ТЕКСТ И МИР БУНИНА («РУСЯ»)


  Пленарный доклад на конференции “Иван Бунин в духовно-культурном пространстве современности: К 80-летию вручения Нобелевской премии Ивану Бунину” (Елецкий университет, октябрь 2013 г.)

  Каждый читатель отлично помнит фабулу этого известного бунинского рассказа. Некий господин, имя которого так и остается неназванным, со своей также безымянной женой едут на вечернем московском поезде в Севастополь. По дороге поезд останавливается – как раз в том самом месте, где у героя когда-то была любовная история. Его девушку звали Маруся, Руся. Об этой давней истории герой и рассказывает, а некоторые подробности вспоминает позже. Утром они с женой завтракают и продолжают разговор. Фабула весьма незамысловата.

На композиционном же уровне рассказ представляет собой весьма сложно, даже изощрённо выстроенный текст, в котором вставная новелла (собственно, сама история с Русей) очень сложно соотносится с её текстуальным обрамлением. Во вставной новелле мы, как читатели, слышим голоса повествователя, героя-рассказчика, Руси, а также её матери.

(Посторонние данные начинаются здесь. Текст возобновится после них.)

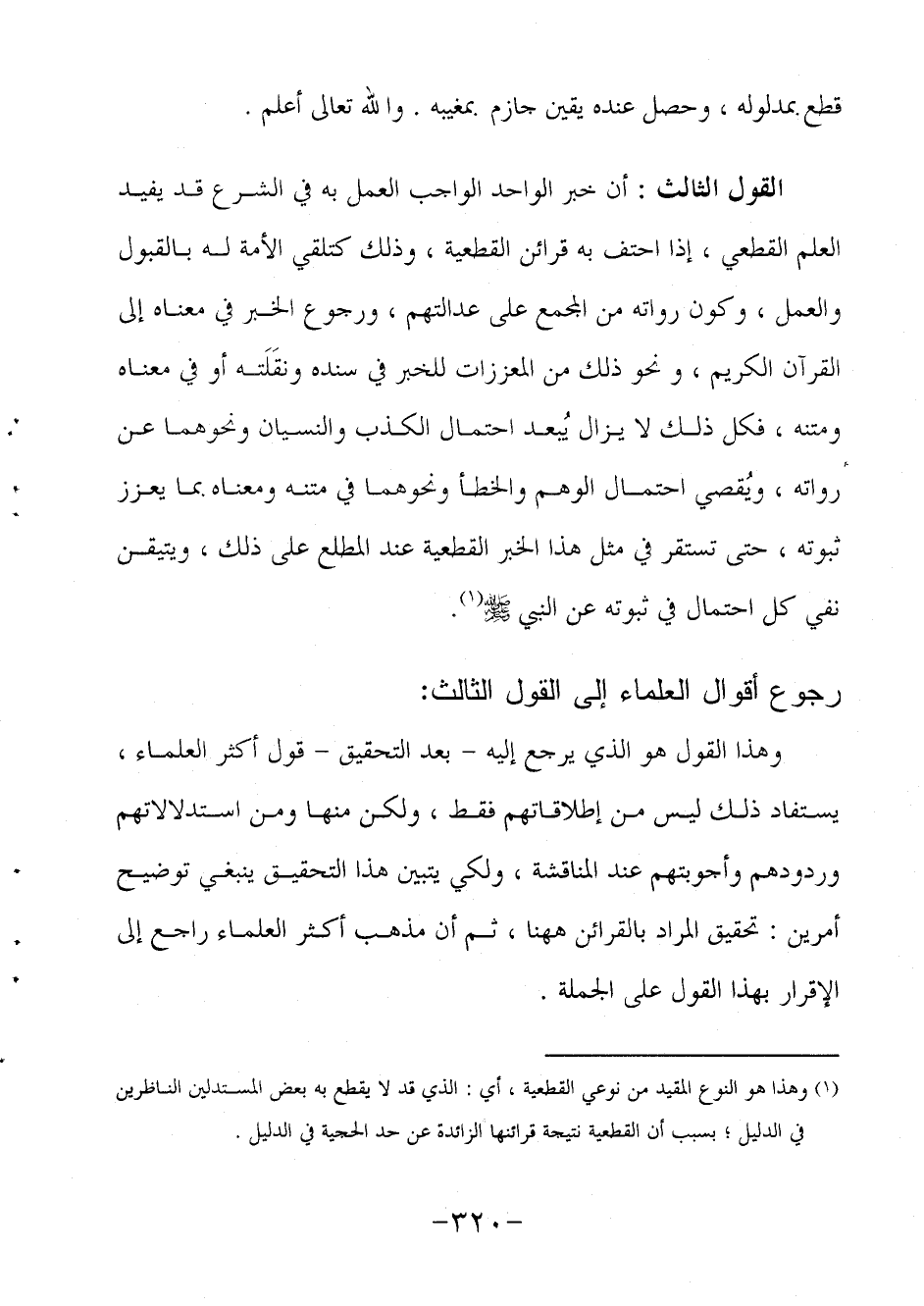 1 وهذا هو النوع المقيد من نوعي القطعية أي الذي قد لا يقطع به بعض المستدلين الناظرين في الدليل بسبب أن القطعية نتيجة قرائنها الزائدة عن حد الحجية في الدليل.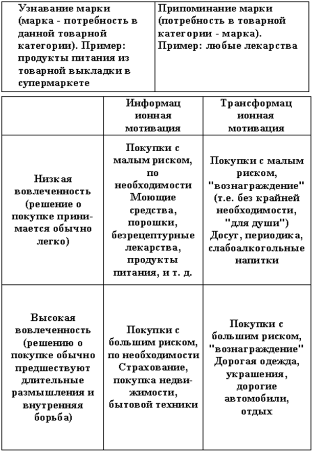 Ухвалення рішення про покупку Модель послідовної поведінки допомагає виявити особливості процесу ухвалення рішення про покупку і визначити ролі учасників. Виділяються наступні ролі в процесі ухвалення рішення про покупку товару: o ініціатор, що озвучує потреба в певній товарній категорії; o експерт -консультант, оцінює різні марки й виносить судження на їхній рахунок o той, який приймає рішення про покупку, вибирає конкретну марку; o особа, яка оплачує покупку - здійснює придбання товару в реальному часі; o користувач, для якого був придбаний цей товар. Зазначені ролі можуть виконуватися як різними людьми, так і однією людиною одночасно. Рішення про покупку чаші всього приймається: o дома - контакт із рекламою, споживання продукту; o у місці покупки - планований захід у магазин (швидше за все з певною метою), незапланований захід; o на роботі - контакт із рекламним повідомленням, комерційна пропозиція й т.д.. Фактори, що впливають на місце ухвалення рішення про покупку: o легкість контакту з рекламним повідомленням; o контакт з індивідами, що грають в ухваленні рішення інші ролі; o наявність або відсутність часу на роздуми; o психічний і фізичний стан індивіда. Комунікаційні ефекти – це стійкі асоціації в думках потенційного покупця, пов’язані з рекламованою торговою маркою. Виділяють п’ять основних комунікаційних ефектів: o потреба в товарній категорії - усвідомлення цільовою аудиторією необхідності в товарі або послузі, що дозволяє задовольнити потребу; o поінформованість про марку - здатність покупця ідентифікувати торгову марку усередині товарної категорії в достатньому об’ємі для того, щоб зробити покупку. Поінформованість ділиться на 2 складові: - впізнавання. Воно відбувається в місці продажів, і в рекламі повинна бути детально показане упакування; - пригадування. Воно відбувається за якийсь час до придбання продукту, і в рекламі повинен демонструватися спосіб рішення проблеми за допомогою товару; o установка до торгової марки (відношення) - оцінка споживачем стосовно здатності рекламованої торгової марки задовольнити наявну потребу краще ніж інші конкуруючі марки в цій категорії; o намір до здійснення покупки товару - рішення споживача придбати товар або почати інші дії, пов'язані з покупкою. Матриця Россітера - Персі допомагає визначити зміст реклами для всіх видів товарів і послуг. Вона заснована на розгляді співвідношення: o установки до торгової марки; o мотивації споживача при здійсненні покупки. Установка – передумова ухвалення рішення про покупку, пов'язаного з ризиком (економічним або психологічним). Може бути: o низкою ( рішення про покупку приймається легко); o високою (рішення довго обмірковується). Мотивація - це "причина", що спонукує споживача зробити покупку. Може бути: o інформаційною (товар купується по необхідності); o трансформаційною (товар купується для задоволення потреб більше високого рівня).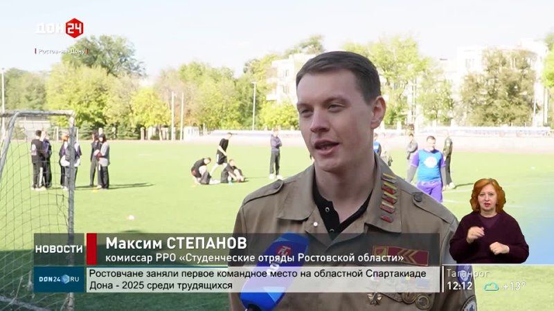 Ростовская область, 30 сентября 2025. Телеканал «ДОН 24». Более 10 команд студенческих отрядов из разных вузов области приняли участие в региональном этапе спартакиады. Программа включает 8 видов спорта, в том числе волейбол, плавание...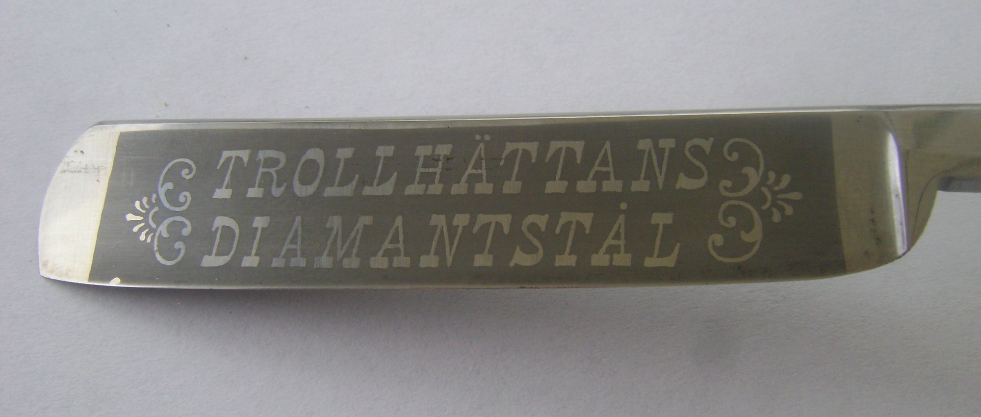 Трольхеттан, почти новый, но с ужасным заводским дефектом. Обушок кривой как коромысло. Но бритва все равно красива.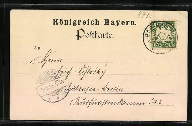 alte Ansichtskarte, gelaufen 1906, Stempelspur, guter Zustand
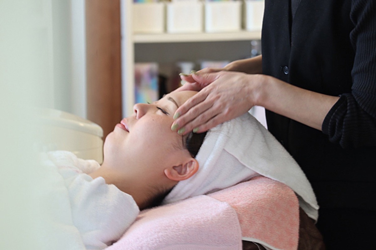 施術が始まると、やわらかな手のぬくもりが、ゆっくりと肌に伝わっていきます。

   Основная часть рассказа начинается и завершается речью повествователя. Однако интересно, что, не считая повествователя, первая и последняя реплика этой части передаёт голос жены героя: «Послушайте. По-одиннадцатым часом вечера чему мы стоим?» и «Как ты груб!».

  Теперь перейдём к организации художественного времени и пространства. Обращает на себя внимание очень точное, чрезвычайно конкретизированное описание. Особенно на фоне неопределённости, относящейся к супружеской паре. «В одиннадцатом часу вечера скорый поезд Москва-Севастополь остановился на маленькой станции за Подольском, где ему остановки не полагалось…». Мы далее ещё вернёмся к этой фразе.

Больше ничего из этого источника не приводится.